Belarusian=((Neolithic_populations of Europe)+"Bell Beakerish-like")+(Mesolithic_poplations)+"Corded_Ware" component)) + Scytho-Sarmatian-like

Now, after long discussion, it is time for the admixture_dating fun!

Admixture dating with ROLLOFF

To estimate the admixture date in Polish population, i used as reference populations Latvian and North-Italian

The admixture date is  119.670+-37.145 generations ago, which corresponds to 3470 +-1077 years before present, or 1510 +- 1077 AD.  The upper limits of our dating for the admixture event seem to overlap with the timescale of Unetice culture. The Bronze Age in Poland, as well as elsewhere in central Europe, begins with the innovative Unetice culture, in existence in Silesia and a part of Greater Poland during the first period of this era, that is from before 2200 to 1600 BC. This settled agricultural society's origins consisted of the conservative traditions inherited from the Corded Ware populations and dynamic elements of the Bell-Beaker people. Significantly, the Unetice people cultivated contacts with the highly developed cultures of the Carpathian Basin, through whom they had trade links with the cultures of early Greece. Their culture also echoed inspiring influence coming all the way from the most highly developed at that time civilizations of the Middle East.

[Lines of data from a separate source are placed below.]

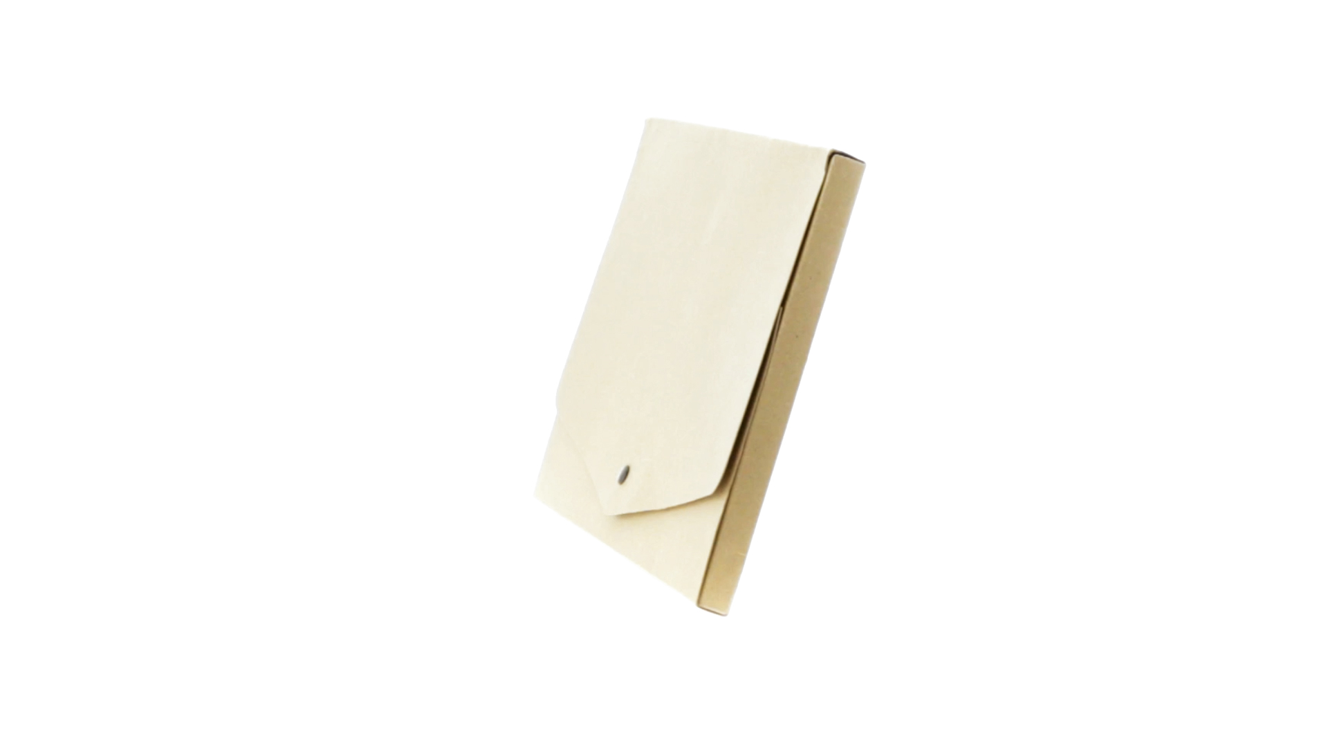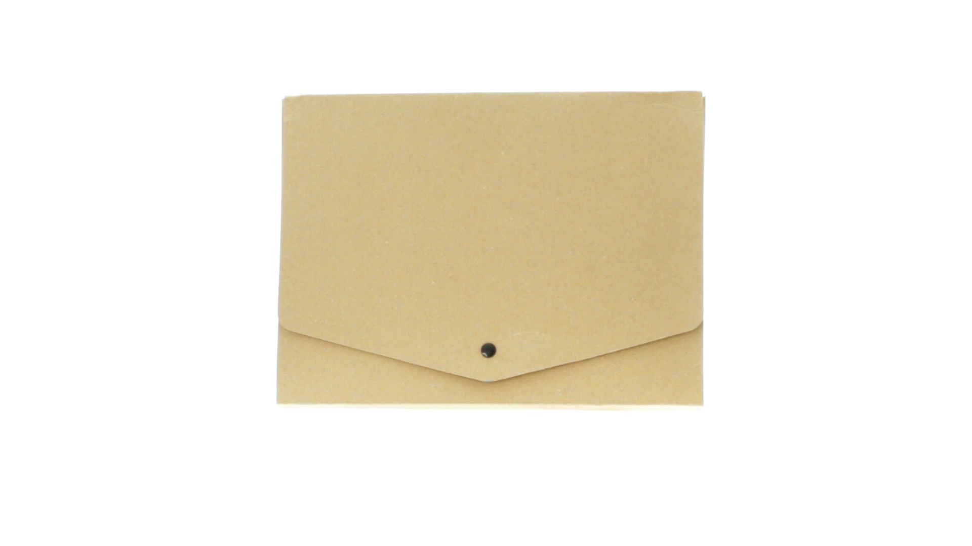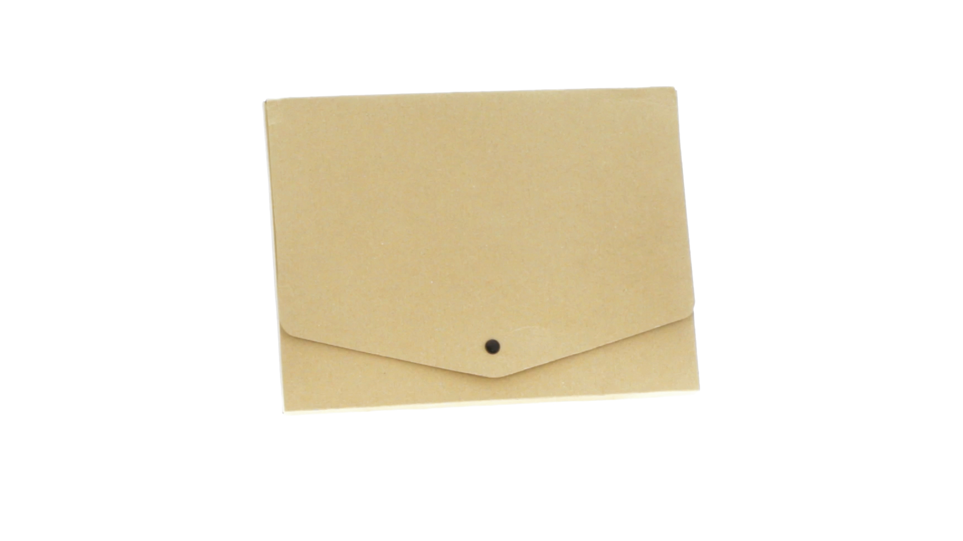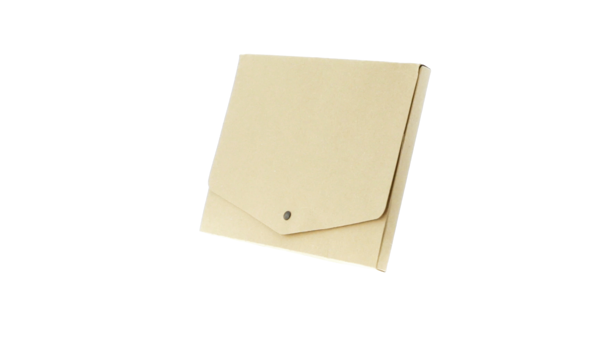 Dokumententasche aus stabilem Recyclingkarton mit Klappenverschluss mit Druckknopf.
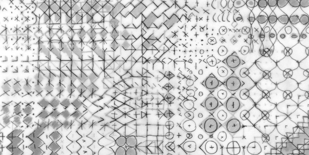 I’m not sure when I first became aware of Marthe’s patterns on wallpaper and cloth, but I’ve used her designs in my university lectures for the last few years to illustrate economic principles of building pattern, using a single block (one colour) to provide flowing and complex patterns, featuring varieties of visual texture within motifs. I bought the book on her life / design career, The Making of Marthe Armitage (published in 2019 by Graphical House) and was impressed by the beautiful drawings that accompany and support the design work I was familiar with. It is a thoughtfully produced book, with some copies available with a hand printed wallpaper wrap cover.
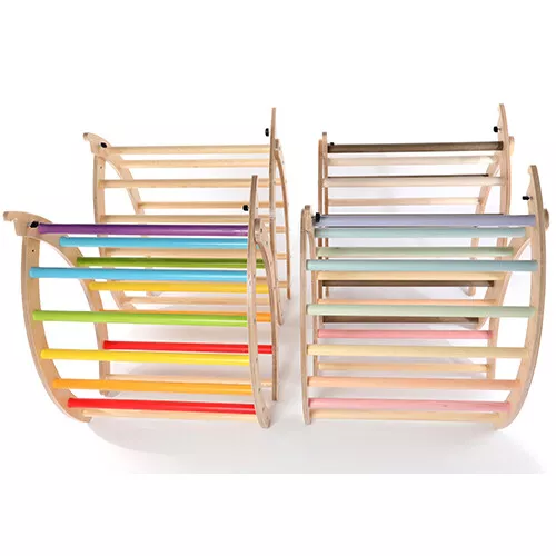 Heerlijk klimmen en klauteren binnenshuis met het klimtoestel ‘Finn – Rainbow’ van het Engelse merk Sawdust & Rainbows. Met het houten speeltoestel leren kinderen veilig klimmen en balanceren. Het open-ended speelgoed biedt veel spelmogelijkheden, behalve klauteren.

To estimate admixture date in Belarusian population, i used as reference populations  Polish and Indian (note: i also lowered genetic distance threshold in ROLLOFF parameters to reduce noise from more recent admixtures)

As you can see, the signal of admixture is less detectable, and by virtue of that the margins of error in admixture dating are significantly higher than in previous example:   154.158+-87.024 generations ago (or, 4470 +-2523 years before present/2510 -+2523 years AD).